1st mod of any kind since I got the Altima....I got them in Black, I like the stock look, I like the sleeper look....

future mods, nismo suspension+sway bars, nismo intake and way down the line an exhaust....

rims maybe, body kit is a no go, not big fans of them...only cetain kits on certain cars (i.e. abflug supra)
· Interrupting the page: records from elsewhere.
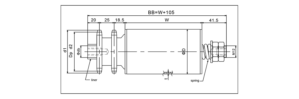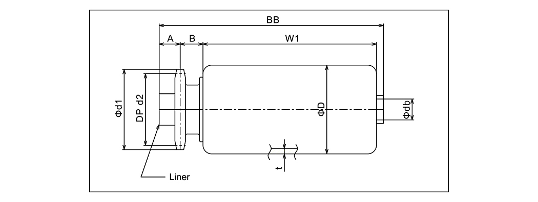 | Typ | Velikost válce | Šířka válce | Válečkový materiál | Ložisko | Průměr hřídele | Velikost vložky | Řetězové kolo | d | D2 | A | B | W1 | BB |
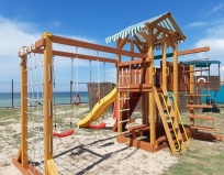 Очень уютный пансионат. Есть своя территория с пляжем и домиками в 2 этажа, по 2 номера на этаж. Кровати, матрасы и бельё есть. Хорошее расположение — рядом большой аквапарк, есть где поесть и погулять вечером с семьёй.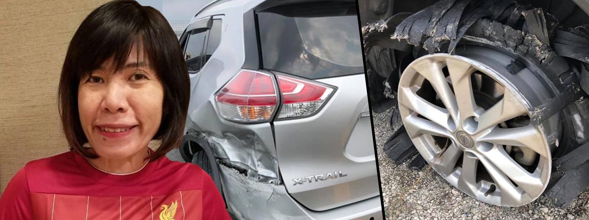 หลังจากนั้นได้ยินเสียงรถเบรกดังเอี๊ยด ก็พบว่ามีรถอีกคันพุ่งชนท้าย ซึ่งเจ้าตัวเผยว่าไม่แรงมาก จึงลงไปตรวจสอบพบว่าไม่ได้ชนกลางลำ ซึ่งคาดว่าคู่กรณีพยายามเบี่ยงออก เพื่อลดความรุนแรง ส่วนที่ตัดสินใจโพสต์ภาพหลังเกิดเหตุการณ์ไปแล้ว 3 วัน เพราะไม่อยากให้คนตกใจมาก อีกทั้งตั้งใจโพสต์เป็นอุทาหรณ์ และให้สติคนอื่นที่อาจไม่มีประสบการณ์ประสบอุบัติเหตุรถยางแตก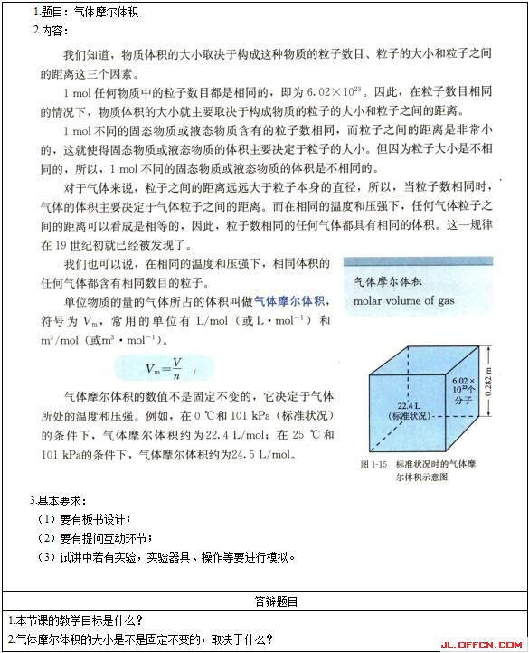 1.知识与技能目标:①能说出气体摩尔体积的概念;②能从宏观和微观两个方面说出影响气体体积的因素;③能进行气体摩尔体积的简单判断和计算。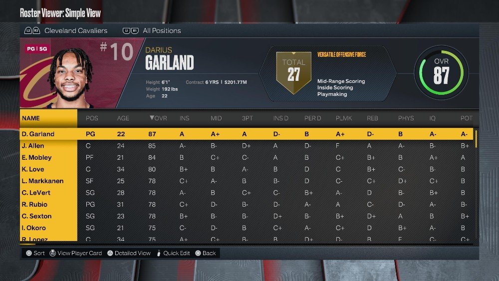 라인업: 다리우스 갈랜드(87 OVR), 도노반 미첼(88 OVR), 아이작 오코로(75 OVR), 에반 모블리(80 OVR), 자렛 앨런(85 OVR)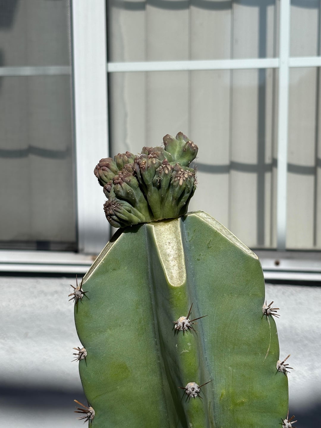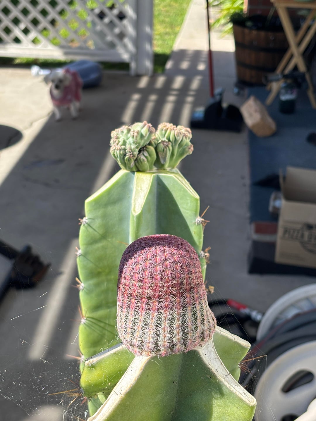 Successful graft of a Cereus Forbessi monstrous onto my cereus apple cactus !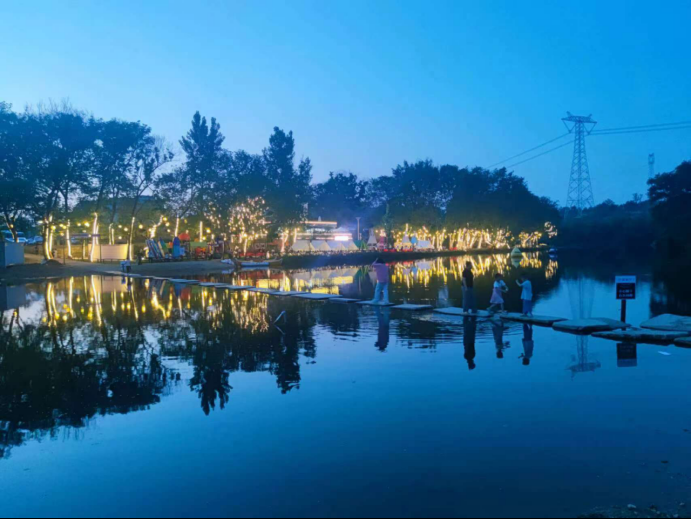 夜晚降臨,一頂頂帳篷成為一道道靚麗的風(fēng)景。來自武漢的胡女士一行6人慕名到此露營,她說:“這里柳樹成林,河水清澈,白天可以劃船、吃燒烤,晚上還有煙花節(jié),長(zhǎng)江煙花秀錯(cuò)過了,今晚打算對(duì)著煙花給家人許個(gè)愿。”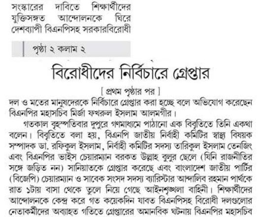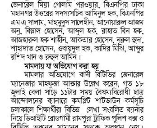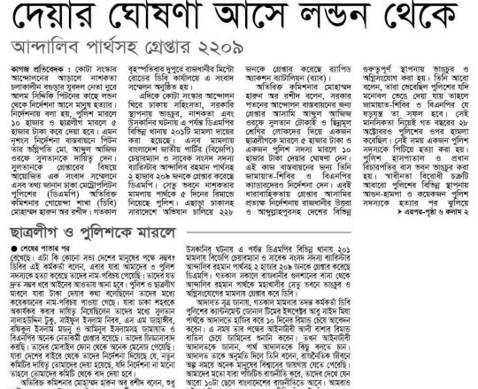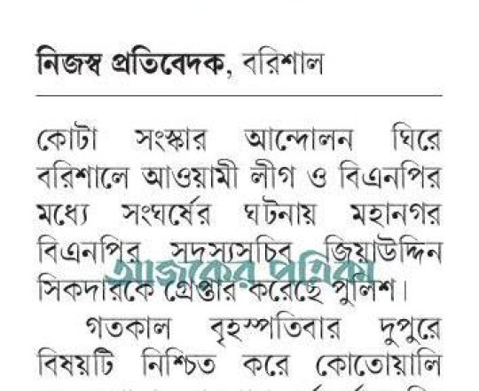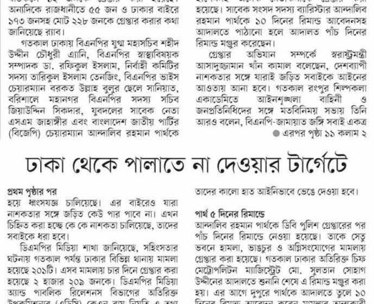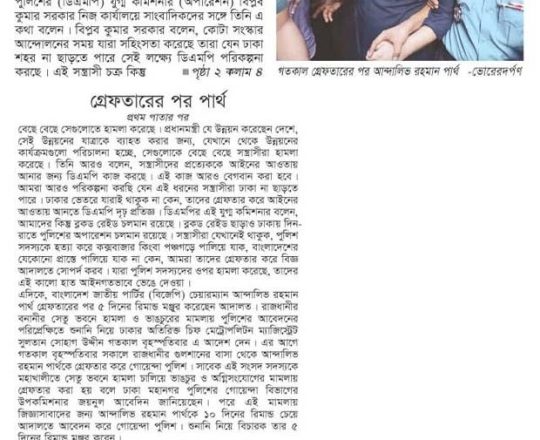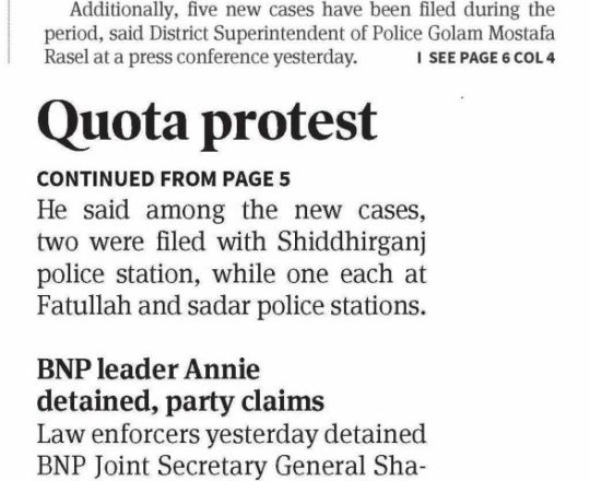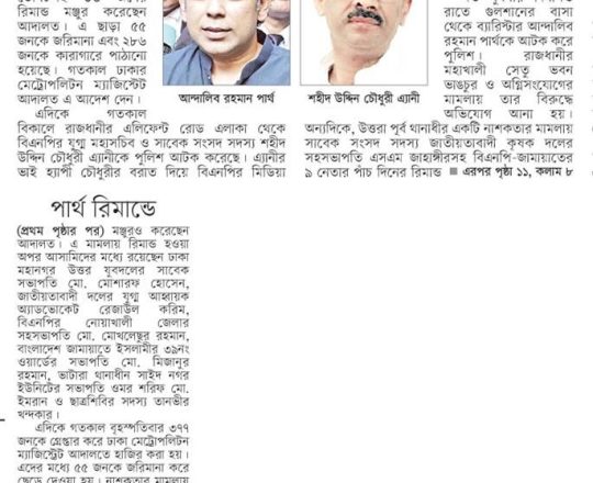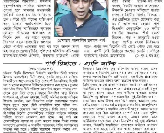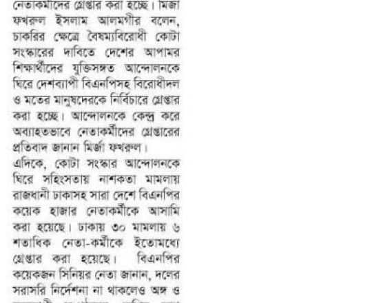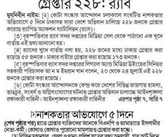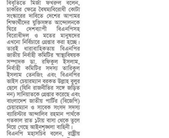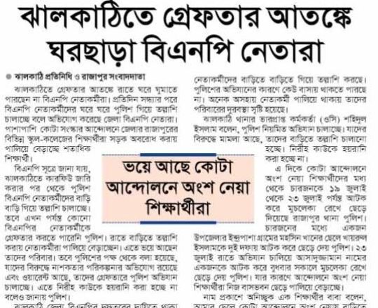 আজকের পত্রিকা, ২৬ জুলাই ২০২৪, বিএনপির সদস্যসচিব জিয়া গ্রেপ্তার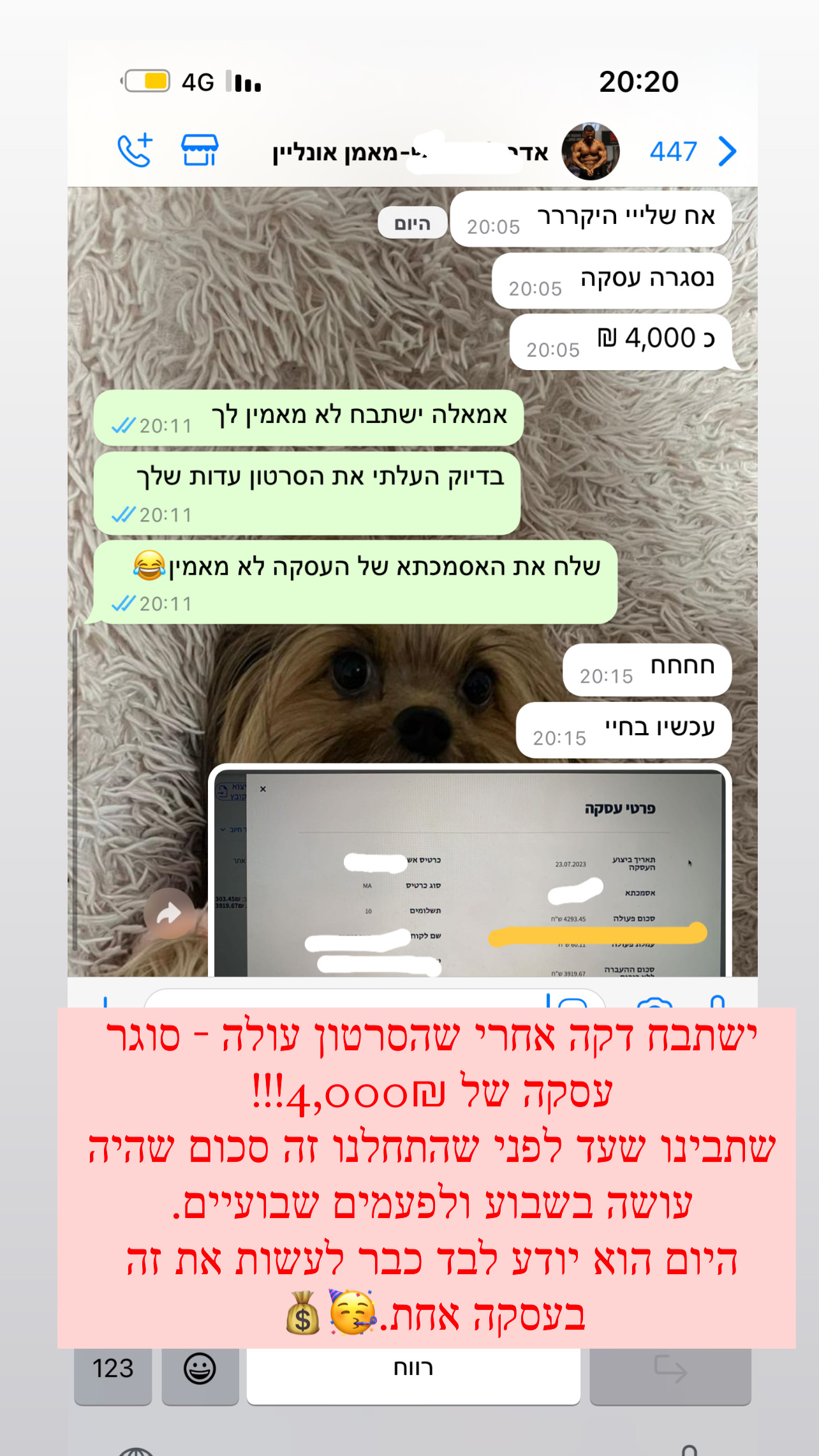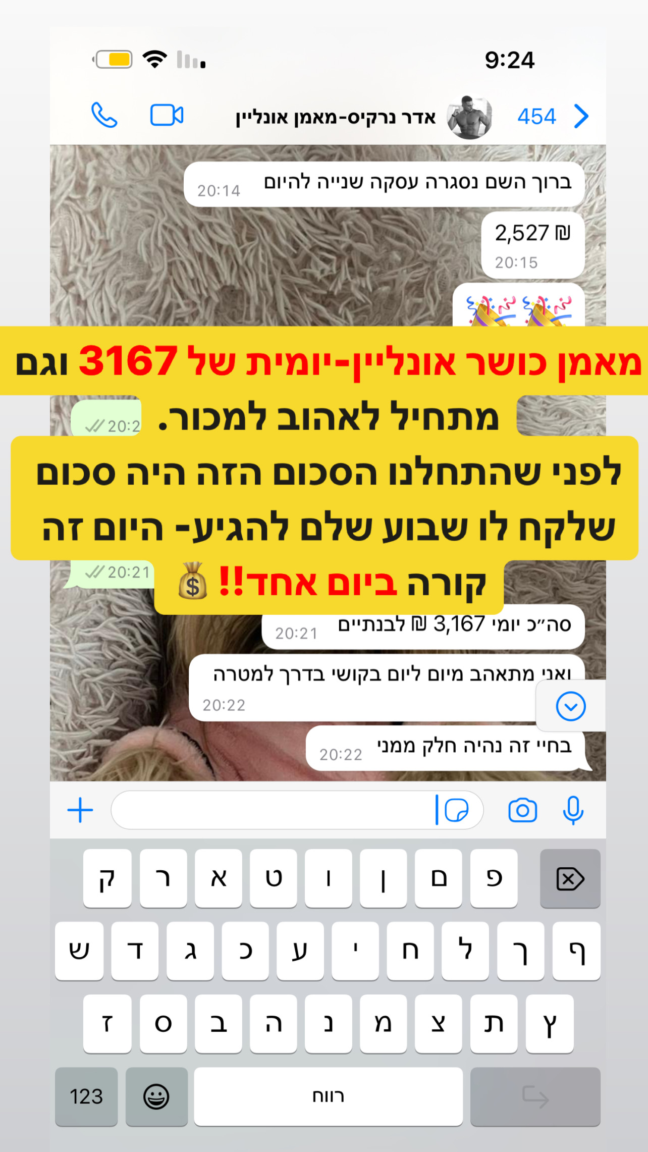 התחלתי לסגור סכומים של 50-70 אלף בשבוע ולהגיע למחזורי עסקאות של 6 ספרות בחודש למאמנים בתחום התזונה וכושר.
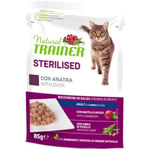 Trainer Natural Gatto Umido Sterilised Adult Anatra 85 g - Alimento Completo con Mirtillo Rosso e Fibra di Pisello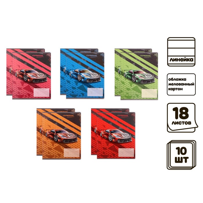 Компл тетр из 10 шт, 18л лин Тачки, обл мел карт, ВД лак, блок офсет (4981370)

fiance and I share the car till it's paid off and I can buy her a SUV


----------



## jnhalstead (Feb 2, 2006)

well after the install my windows can't really tell if they move up and down faster, but I know for sure dat my sunroof moves quick as shiet now compared 2 b4 the install.....other than dat I can't really tell any difference. was my 1st mod because I plan on a serious entertainment setup inside the car. throttle response seem better but I think dat was in my head...


----------



## WATSON1 (Jul 9, 2005)

Sunroof in the Altima is damn sure slow, or at least mine was. Nismo susp. and CAI are a good decision, along the lines of exhaust, I would recommend Mossy Performance. There are several good threads about all three, and the pros v. cons of each.


----------



## craigqc (Feb 10, 2005)

dont buy anything nismo. you are just flushing $$$ down the toilet. the AT wires should also smooth out your idle a bit and maybe even squeeze a bit more juice out of you headlights. not a bad first mod.


----------



## jnhalstead (Feb 2, 2006)

I got HIDs so if my headlights were brighter, I wouldn't notice....but I have concluded it has helped the throttle response, there used to be a nasty wait for power like I was runnin' a turbo and waitin' for it to spool up, but dat has been elimanated....
reason for the nismo....1st choice was the Tein suspension, but I have yet to see sum1 wit' it dialed in on here and for the extra few bucks it is over the Nismo, I'll take the nismo. I really haven't heard any complaints bout the nismo, except from people who don't ride on the suspension at all either


----------



## cdmorenot (Dec 22, 2005)

forget about the nismo.. i got the ksports that were being advertised around.. a friend of mine got them a while back for 700 bucks got a great deal on a m45 so he let the alti go.. now i get to enjoy the ksports they look great they're gonna be put in soon.. and so far the ppl that have them speak very very highly of them.. i wouldn't fuck with nismo.. i switched my injen intake to a nismo one .. and a week later the injen was back in there.. the AT grouning wires are great i have them on my 2.5 and they do help throlle a bit but the best is that semi sounding idle it helped it very much...


----------



## cdmorenot (Dec 22, 2005)

all you have to do is rim it up!!!


----------



## WATSON1 (Jul 9, 2005)

cdmorenot said:


> all you have to do is rim it up!!!
> 
> 
> 
> ...


----------



## cdmorenot (Dec 22, 2005)

That's the GPS antenna for the avic


----------



## cdmorenot (Dec 22, 2005)

i was thinking about the se-r spoiler but i'm not sure if it will look nice.. the rims and the tails yes.. but the spoiler would make it look like a fake ass se-r .. i think.. but i could be wrong.. ill post some pics tomorrow with the lip kit on cause those are kinda old..


----------